*** Record set ***

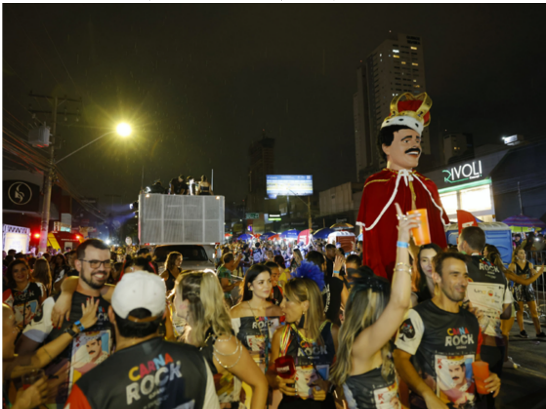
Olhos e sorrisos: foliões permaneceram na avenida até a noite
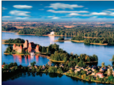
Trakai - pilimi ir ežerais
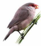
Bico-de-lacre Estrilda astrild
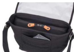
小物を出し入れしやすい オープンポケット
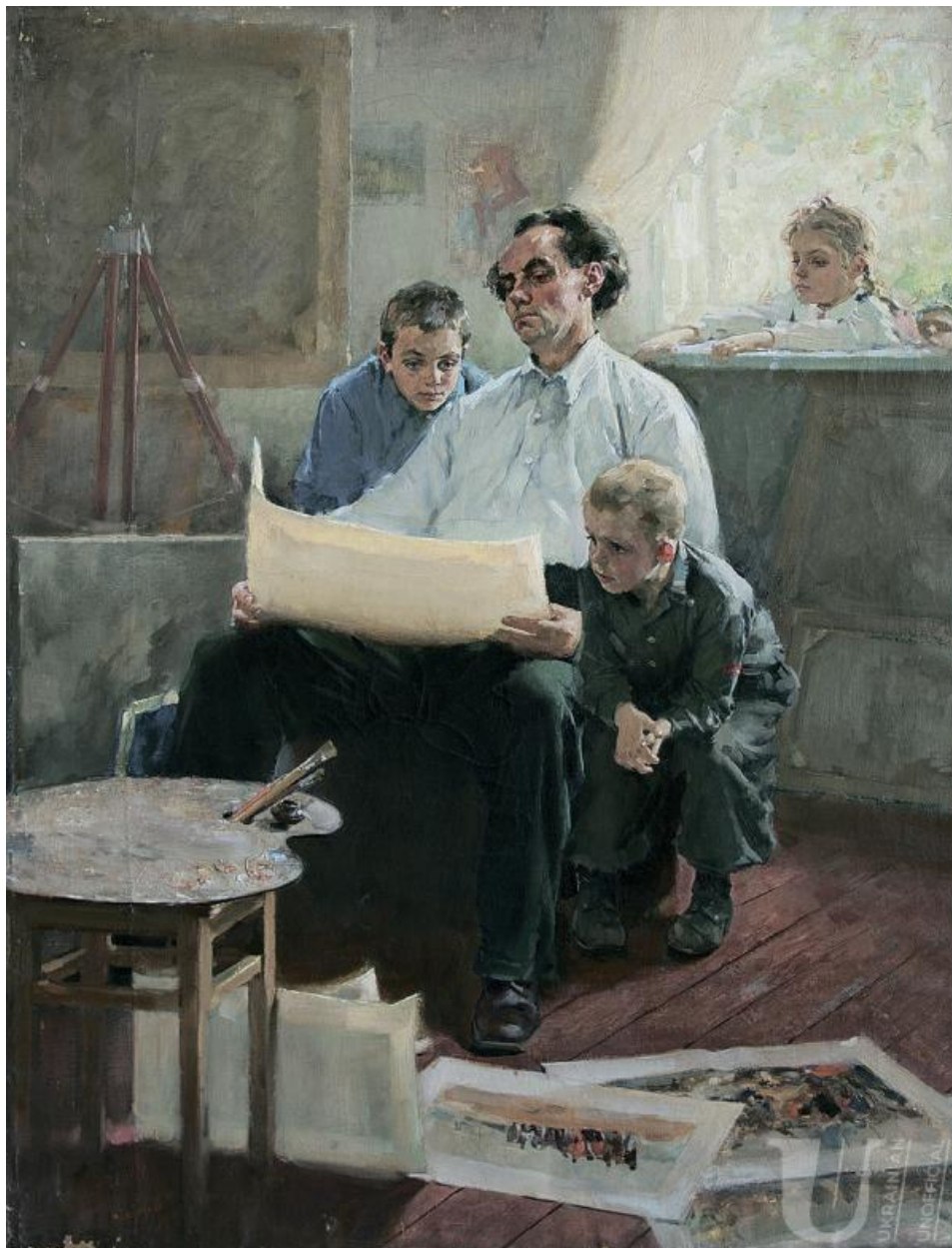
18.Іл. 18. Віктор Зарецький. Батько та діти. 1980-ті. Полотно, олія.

*** End of Record set ***

Every record, from top to bottom, gets written out exactly; no picture goes into the copy.

Olhos e sorrisos: foliões permaneceram na avenida até a noite
Trakai - pilimi ir ežerais
Bico-de-lacre Estrilda astrild
小物を出し入れしやすい オープンポケット
18.Іл. 18. Віктор Зарецький. Батько та діти. 1980-ті. Полотно, олія.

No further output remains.